Exercise aim: Find the line with "秋 2021 メッシュパッチワークブラウス長袖シャツ女性レーストリムドットパフスリーブトッププルオーバーニットシャツ" in the entries below, then reproduce it and every line after it down to and including the line with "Золотые серьги с", exactly.

Data for review Block Start

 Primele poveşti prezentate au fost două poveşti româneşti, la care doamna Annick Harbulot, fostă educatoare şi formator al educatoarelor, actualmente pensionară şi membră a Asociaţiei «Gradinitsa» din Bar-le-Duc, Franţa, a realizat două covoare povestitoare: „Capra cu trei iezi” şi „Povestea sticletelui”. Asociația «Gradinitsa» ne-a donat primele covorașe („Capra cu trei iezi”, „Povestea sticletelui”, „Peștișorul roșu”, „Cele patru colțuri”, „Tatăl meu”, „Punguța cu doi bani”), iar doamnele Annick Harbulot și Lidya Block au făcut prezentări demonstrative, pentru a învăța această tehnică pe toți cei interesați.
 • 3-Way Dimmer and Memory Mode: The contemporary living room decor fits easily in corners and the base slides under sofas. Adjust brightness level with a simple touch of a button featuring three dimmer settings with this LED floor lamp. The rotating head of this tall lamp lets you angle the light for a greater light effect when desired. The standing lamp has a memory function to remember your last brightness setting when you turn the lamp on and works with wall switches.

Data for review Block End
Data for review Block Start

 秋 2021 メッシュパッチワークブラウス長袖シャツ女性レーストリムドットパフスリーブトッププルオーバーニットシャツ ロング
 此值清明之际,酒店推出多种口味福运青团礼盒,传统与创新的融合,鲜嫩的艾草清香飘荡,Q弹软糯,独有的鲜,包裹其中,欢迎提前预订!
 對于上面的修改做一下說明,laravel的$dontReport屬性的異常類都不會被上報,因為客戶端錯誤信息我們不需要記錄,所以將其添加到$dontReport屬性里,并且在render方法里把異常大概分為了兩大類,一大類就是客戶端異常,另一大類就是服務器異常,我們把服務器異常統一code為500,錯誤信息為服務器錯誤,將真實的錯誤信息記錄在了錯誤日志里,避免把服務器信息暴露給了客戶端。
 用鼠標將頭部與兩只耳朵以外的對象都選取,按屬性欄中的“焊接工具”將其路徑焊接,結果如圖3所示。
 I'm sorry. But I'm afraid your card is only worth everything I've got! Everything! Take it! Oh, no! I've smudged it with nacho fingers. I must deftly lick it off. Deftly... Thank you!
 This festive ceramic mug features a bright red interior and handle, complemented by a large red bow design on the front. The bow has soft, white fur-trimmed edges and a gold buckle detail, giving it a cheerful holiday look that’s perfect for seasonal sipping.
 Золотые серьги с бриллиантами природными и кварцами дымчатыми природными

Data for review Block End
Data for review Block Start

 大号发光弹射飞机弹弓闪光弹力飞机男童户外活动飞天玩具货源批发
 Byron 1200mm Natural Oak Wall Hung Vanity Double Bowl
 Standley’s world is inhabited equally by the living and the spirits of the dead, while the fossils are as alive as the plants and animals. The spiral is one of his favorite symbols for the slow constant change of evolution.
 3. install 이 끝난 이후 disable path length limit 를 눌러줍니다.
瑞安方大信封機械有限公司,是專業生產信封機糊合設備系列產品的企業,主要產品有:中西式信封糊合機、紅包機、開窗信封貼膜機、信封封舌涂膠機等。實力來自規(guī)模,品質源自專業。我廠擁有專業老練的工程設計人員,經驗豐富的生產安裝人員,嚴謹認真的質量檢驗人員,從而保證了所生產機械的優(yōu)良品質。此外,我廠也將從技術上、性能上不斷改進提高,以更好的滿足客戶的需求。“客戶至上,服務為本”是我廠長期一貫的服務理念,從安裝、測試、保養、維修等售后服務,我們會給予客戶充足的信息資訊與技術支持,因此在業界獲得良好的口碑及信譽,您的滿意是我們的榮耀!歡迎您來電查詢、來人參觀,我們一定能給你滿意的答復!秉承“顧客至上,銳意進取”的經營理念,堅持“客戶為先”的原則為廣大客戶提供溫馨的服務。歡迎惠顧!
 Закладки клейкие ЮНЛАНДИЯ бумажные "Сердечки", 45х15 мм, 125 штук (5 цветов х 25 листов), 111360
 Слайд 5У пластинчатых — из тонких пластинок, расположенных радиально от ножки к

Data for review Block End

Exercise output:
 秋 2021 メッシュパッチワークブラウス長袖シャツ女性レーストリムドットパフスリーブトッププルオーバーニットシャツ ロング
 此值清明之际,酒店推出多种口味福运青团礼盒,传统与创新的融合,鲜嫩的艾草清香飘荡,Q弹软糯,独有的鲜,包裹其中,欢迎提前预订!
 對于上面的修改做一下說明,laravel的$dontReport屬性的異常類都不會被上報,因為客戶端錯誤信息我們不需要記錄,所以將其添加到$dontReport屬性里,并且在render方法里把異常大概分為了兩大類,一大類就是客戶端異常,另一大類就是服務器異常,我們把服務器異常統一code為500,錯誤信息為服務器錯誤,將真實的錯誤信息記錄在了錯誤日志里,避免把服務器信息暴露給了客戶端。
 用鼠標將頭部與兩只耳朵以外的對象都選取,按屬性欄中的“焊接工具”將其路徑焊接,結果如圖3所示。
 I'm sorry. But I'm afraid your card is only worth everything I've got! Everything! Take it! Oh, no! I've smudged it with nacho fingers. I must deftly lick it off. Deftly... Thank you!
 This festive ceramic mug features a bright red interior and handle, complemented by a large red bow design on the front. The bow has soft, white fur-trimmed edges and a gold buckle detail, giving it a cheerful holiday look that’s perfect for seasonal sipping.
 Золотые серьги с бриллиантами природными и кварцами дымчатыми природными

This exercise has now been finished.